(PROVIDED MATERIAL Opens)

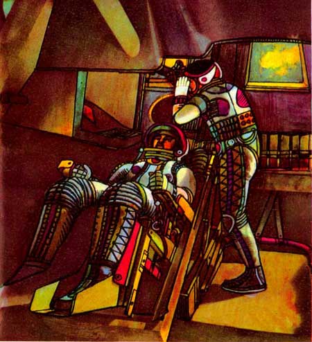 – Вот видишь. Всех кандидатов в члены космических экипажей просеивают сначала через частое сито неврологических и психических исследований. При этом обращают большое внимание на покладистость характера кандидата, на его умение жить в дружбе с людьми. Ведь часто бывает, что нервная система у человека находится в должном порядке, а жить в коллективе он не способен. Ведь умение жить в мире и согласии с товарищами, находясь длительное время в тесной кабине космического корабля, имеет решающее значение для успеха всей экспедиции. Что касается поведения космонавтов во время путешествия, то злейшим их врагом является безделье. Проблема безделья не существует при краткосрочных полетах, ибо космонавту приходится много работать. А вот во время длительных путешествий, или при пребывании на других планетах бездеятельность превращается в сложную проблему. К счастью, жизнь столь богата и интересна, в ней еще столько неисследованных сторон, что всегда можно найти себе занятие по душе, в особенности по углублению своих знаний. Поэтому космонавты, как правило, посвящают много времени различным областям знания. Кроме того, на космическом корабле, или на станции, всегда есть хорошая библиотека. Конечно, это не собрание тяжелых фолиантов – взять их с собой в космос нет возможности, – а коллекция микрофильмов. Есть также богатая фильмотека, позволяющая устраивать кинематографические сеансы, ну и, как правило, большая коллекция магнитофонных записей лучших музыкальных и вокальных произведений. Наконец, есть еще связь с Землей, на которой у каждого из нас осталась семья, близкие, и мы можем вести с ними беседу с расстояния многих миллионов километров. Иногда беседа по видеофону с кем-нибудь из близких оказывается лучшим лекарством против космической болезни.
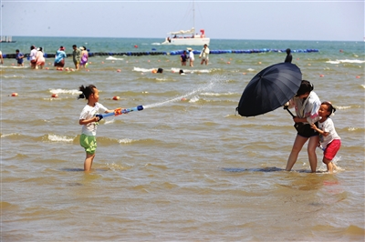 6月8日,游客在河北省秦皇岛市浅水湾浴场戏水玩耍。
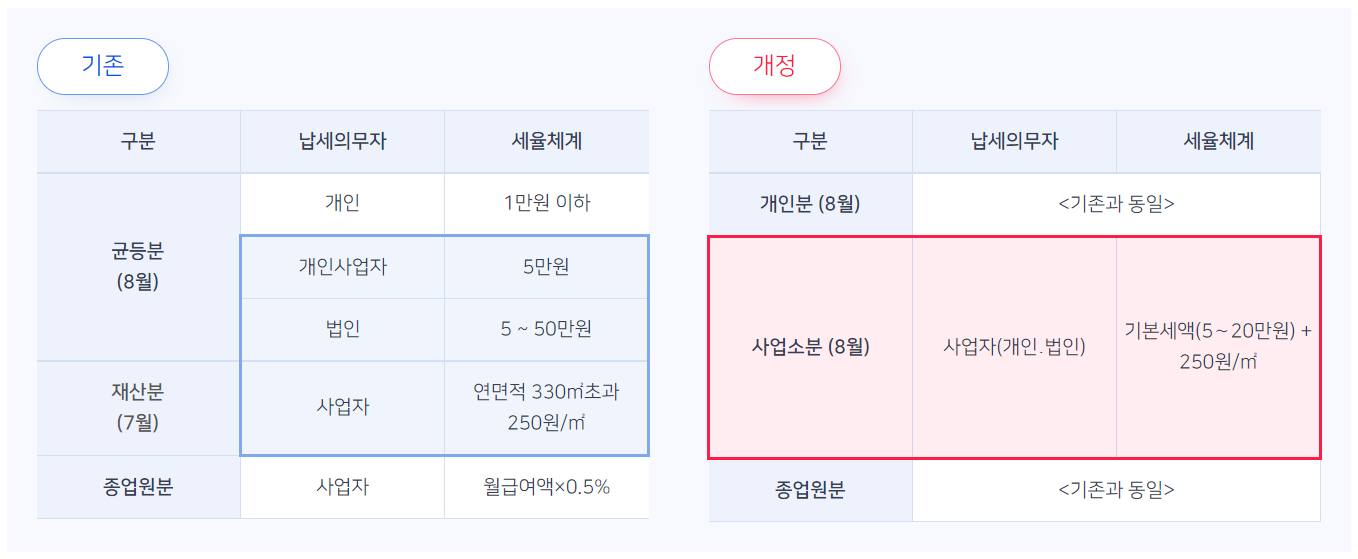 7월에 신고납부하는 주민세 재산분과 8월에 부과되는 주민세 개인사업자·법인균등분이 주민세 사업소분으로 통합되고
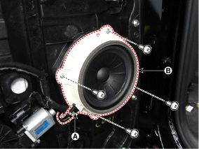 Déposez le haut-parleur de porte avant (B) en déconnectant le connecteur

(PROVIDED MATERIAL Closes)

WORK TASK: In the copy you write, the data above must appear exactly, with no pictures.

RESULT:
 – Вот видишь. Всех кандидатов в члены космических экипажей просеивают сначала через частое сито неврологических и психических исследований. При этом обращают большое внимание на покладистость характера кандидата, на его умение жить в дружбе с людьми. Ведь часто бывает, что нервная система у человека находится в должном порядке, а жить в коллективе он не способен. Ведь умение жить в мире и согласии с товарищами, находясь длительное время в тесной кабине космического корабля, имеет решающее значение для успеха всей экспедиции. Что касается поведения космонавтов во время путешествия, то злейшим их врагом является безделье. Проблема безделья не существует при краткосрочных полетах, ибо космонавту приходится много работать. А вот во время длительных путешествий, или при пребывании на других планетах бездеятельность превращается в сложную проблему. К счастью, жизнь столь богата и интересна, в ней еще столько неисследованных сторон, что всегда можно найти себе занятие по душе, в особенности по углублению своих знаний. Поэтому космонавты, как правило, посвящают много времени различным областям знания. Кроме того, на космическом корабле, или на станции, всегда есть хорошая библиотека. Конечно, это не собрание тяжелых фолиантов – взять их с собой в космос нет возможности, – а коллекция микрофильмов. Есть также богатая фильмотека, позволяющая устраивать кинематографические сеансы, ну и, как правило, большая коллекция магнитофонных записей лучших музыкальных и вокальных произведений. Наконец, есть еще связь с Землей, на которой у каждого из нас осталась семья, близкие, и мы можем вести с ними беседу с расстояния многих миллионов километров. Иногда беседа по видеофону с кем-нибудь из близких оказывается лучшим лекарством против космической болезни.
 6月8日,游客在河北省秦皇岛市浅水湾浴场戏水玩耍。
 7월에 신고납부하는 주민세 재산분과 8월에 부과되는 주민세 개인사업자·법인균등분이 주민세 사업소분으로 통합되고
 Déposez le haut-parleur de porte avant (B) en déconnectant le connecteur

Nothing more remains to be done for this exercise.